Write the listing out once more, identical to the original but without pictures.

Given information:

----

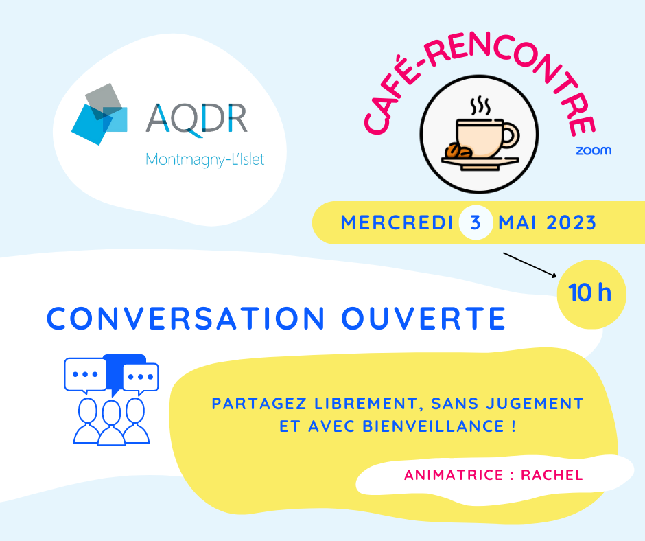 Rejoignez-nous lors de notre café-rencontre hebdomadaire pour une conversation ouverte, bienveillante et sans jugement. Partagez vos souvenirs, vos expériences dans un environnement sécurisé et convivial. Votre participation serait des plus enrichissantes.
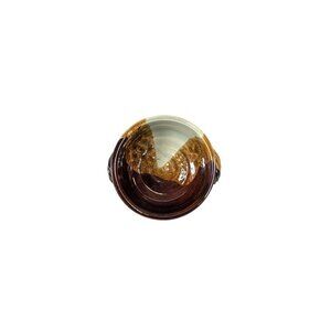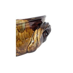 This beautiful, handmade, and signed crock / bowl is from Brown's Pottery of Arden, NC, just outside of Asheville in the Blue Ridge Mountains. This is a heavy, substantial piece of pottery, that has a great retro or vintage vibe (date of production unknown). This crock has a tricolor glaze pattern in earthy shades of spring green, chestnut, and dark chocolate, and it has a high gloss luster that reflects the light and shines. The bowl has handles and a 6" opening. This is a versatile piece that can be used for anything from holding keys and bits and bobs by the front door to serving your favorite dip at a party with loved ones.
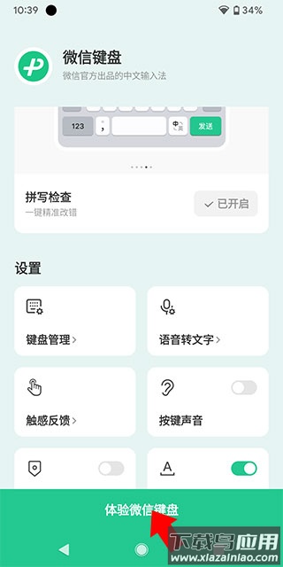 1、打开应用后,点击“体验微信键盘”进入输入界面;
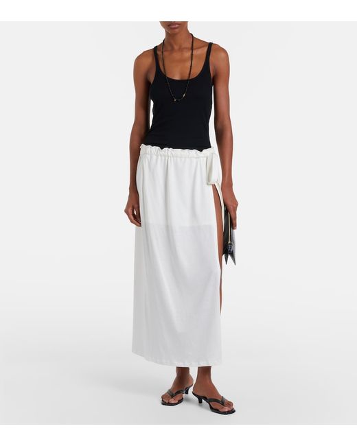 Materiale: 50% cotone (biologico), 50% seta. Trattamento: lavaggio a mano. Made in China. Colore del designer: Off-White. lacci da annodare in vita. Spacco profondo. Cotone, Seta.

----

Reply to the task:
 Rejoignez-nous lors de notre café-rencontre hebdomadaire pour une conversation ouverte, bienveillante et sans jugement. Partagez vos souvenirs, vos expériences dans un environnement sécurisé et convivial. Votre participation serait des plus enrichissantes.
 This beautiful, handmade, and signed crock / bowl is from Brown's Pottery of Arden, NC, just outside of Asheville in the Blue Ridge Mountains. This is a heavy, substantial piece of pottery, that has a great retro or vintage vibe (date of production unknown). This crock has a tricolor glaze pattern in earthy shades of spring green, chestnut, and dark chocolate, and it has a high gloss luster that reflects the light and shines. The bowl has handles and a 6" opening. This is a versatile piece that can be used for anything from holding keys and bits and bobs by the front door to serving your favorite dip at a party with loved ones.
 1、打开应用后,点击“体验微信键盘”进入输入界面;
 Materiale: 50% cotone (biologico), 50% seta. Trattamento: lavaggio a mano. Made in China. Colore del designer: Off-White. lacci da annodare in vita. Spacco profondo. Cotone, Seta.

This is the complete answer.